Navori Labs has built credibility in the AI-driven digital signage category by embedding audience intelligence directly into its player software rather than requiring a separate analytics system — a technical architecture decision that reduces complexity and improves data quality simultaneously. For retailers and venue operators who want their signage to respond to what is actually happening in their space rather than running on a schedule created weeks in advance, Navori's integrated approach is a genuine operational advantage. Its 10-plus years of customer relationships reflect the kind of platform loyalty that comes from genuine operational utility rather than marketing positioning.

12. Mvix

Mvix is a pro-AV digital signage company with award-winning cloud-based software adopted worldwide across schools, corporate offices, retail stores, hospitals, manufacturing facilities, and more. The Mvix platform combines content management, scheduling, and display management with industry-specific applications and integrations designed for organizations that need digital signage to communicate operational information — wayfinding, emergency alerts, production metrics, and event schedules — not just promotional content. Its managed service model makes it accessible to organizations without dedicated digital signage technical staff.

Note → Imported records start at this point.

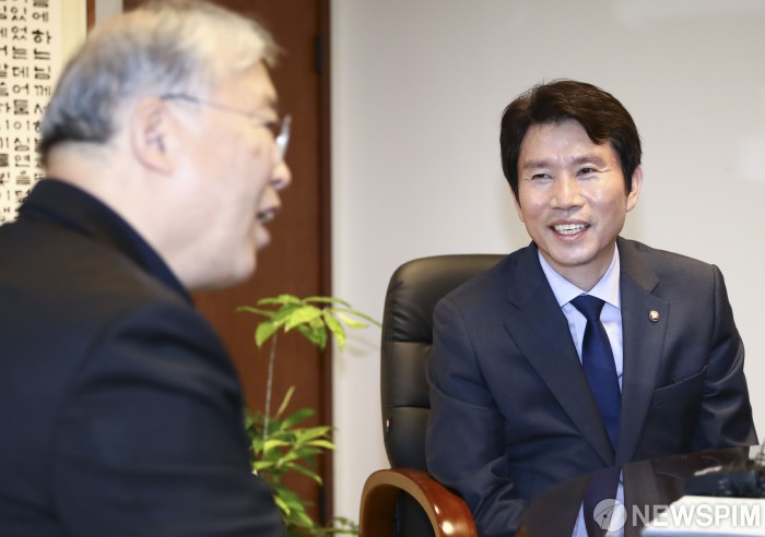 [서울=뉴스핌] 이한결 기자 = 이인영 더불어민주당 원내대표가 25일 오후 서울 중구 한국 천주교 서울대교구청에서 사회적 대타협을 위한 소통 행보의 일환으로 염수정 천주교 추기경을 예방하고 있다. 2019.07.25 alwaysame@newspim.com
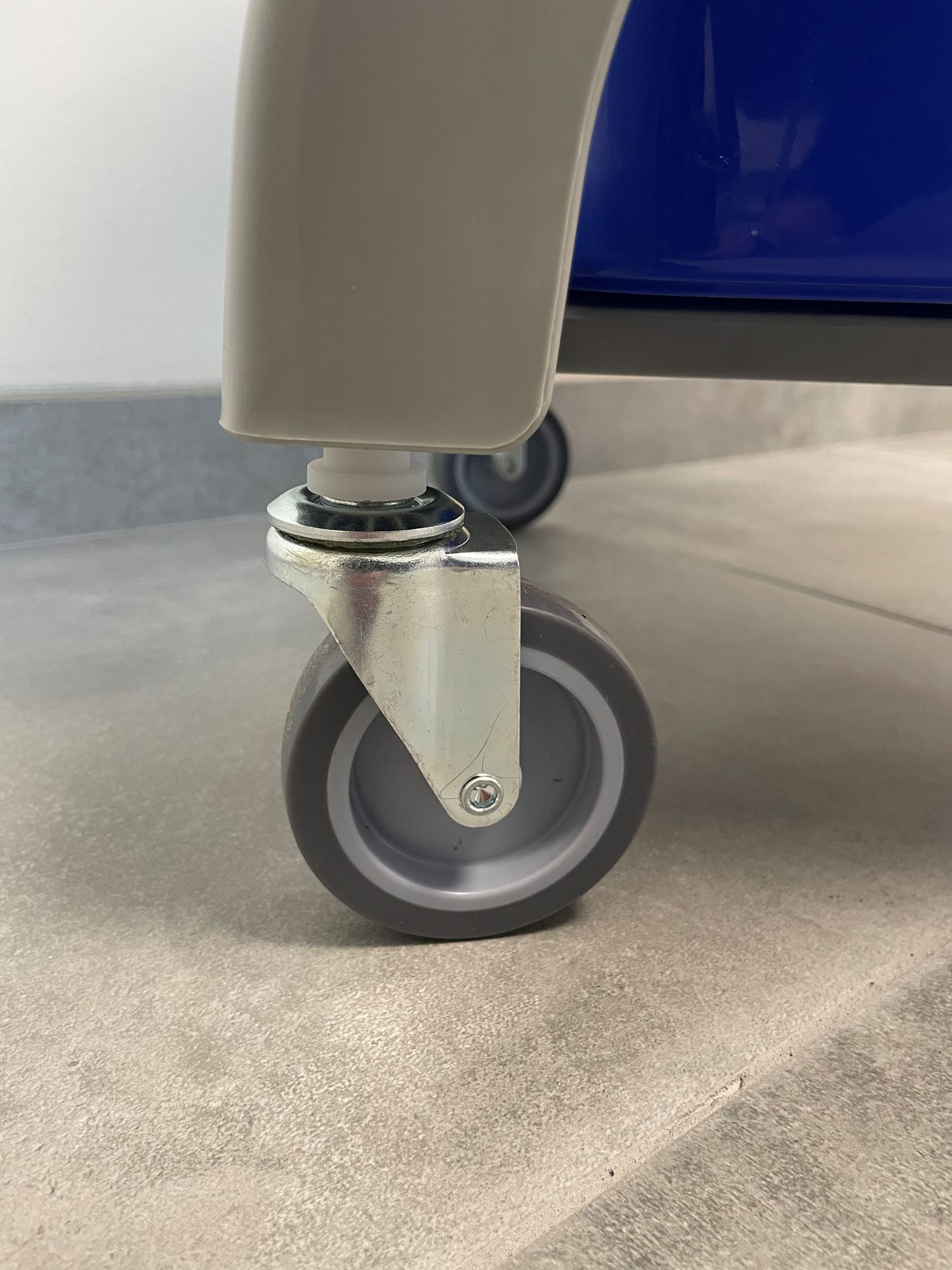 It moves very easily thanks to its 4 steering wheels even with its buckets filled with rinsing water and solution. Its reduced width of 43 cm allows it to pass everywhere without hindrance and to move in elevators, corridors, confined areas...
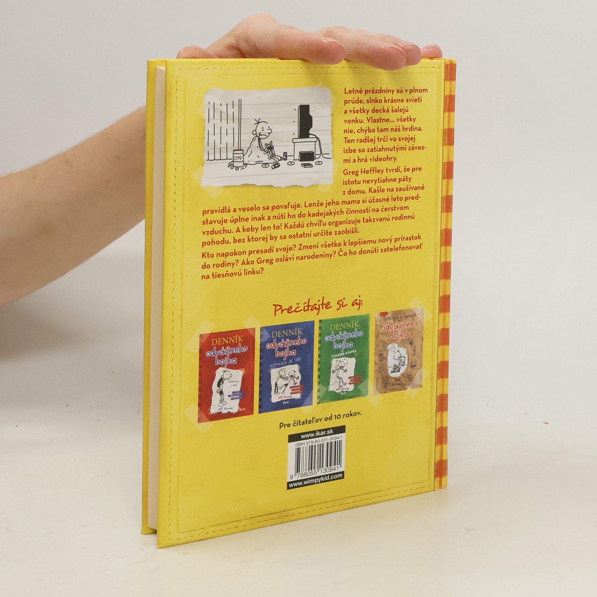 Letné prázdniny sú v plnom prúde, slnko krásne svieti a všetky decká šalejú vonku. Vlastne... všetky nie, chýba tam náš hrdina. Ten radšej trčí vo svojej izbe so zatiahnutými závesmi a hrá videohry. Greg Heffley tvrdí, že pre istotu nevytiahne päty z domu. Kašle na zaužívané pravidlá a veselo sa povaľuje. Lenže jeho mama si úžasné leto predstavuje úplne inak a núti ho do kadejakých činností na čerstvom vzduchu. A keby len to! Každú chvíľu organizuje takzvanú rodinnú pohodu, bez ktorej by sa ostatní určite zaobišli. Kto napokon presadí svoje? Zmení všetko k lepšiemu nový prírastok do rodiny? Ako Greg oslávi narodeniny? Čo ho donúti zatelefonovať na tiesňovú linku?
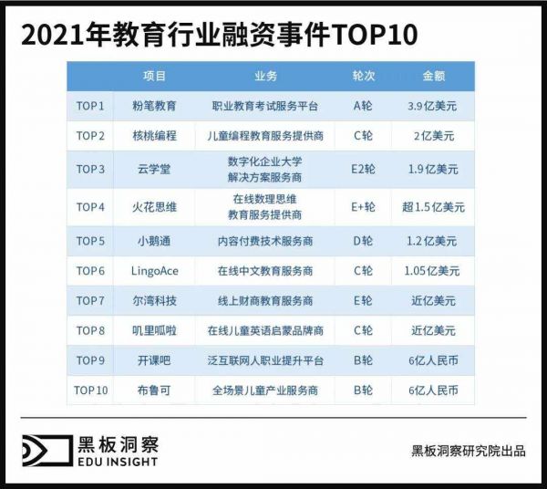7. 2021年教育行业融资事件TOP10

Mvix has built genuine credibility in the mid-market digital signage segment by addressing the buyer that enterprise platforms overlook: the organization that needs professional digital signage capabilities without the infrastructure burden of an enterprise deployment. Its industry-specific applications for healthcare, education, and manufacturing reflect real understanding of how those environments use digital displays to communicate — which is fundamentally different from retail promotional signage. For buyers in those verticals, Mvix's operational depth is more relevant than the brand recognition of larger platform vendors.

The Experience Standard in Digital Signage

The consistent pattern across these twelve companies is that the ones buyers trust most have moved beyond treating digital signage as a display infrastructure problem. The screens are a commodity. What earns trust is the combination of creative strategy, content intelligence, operational reliability, and long-term partnership that transforms display infrastructure into a genuine business asset. For enterprise buyers evaluating digital signage vendors, the question is not which company has the best hardware specs or the most features — it is which company has the demonstrated ability to make signage work as intended, at scale, over the full lifecycle of the deployment.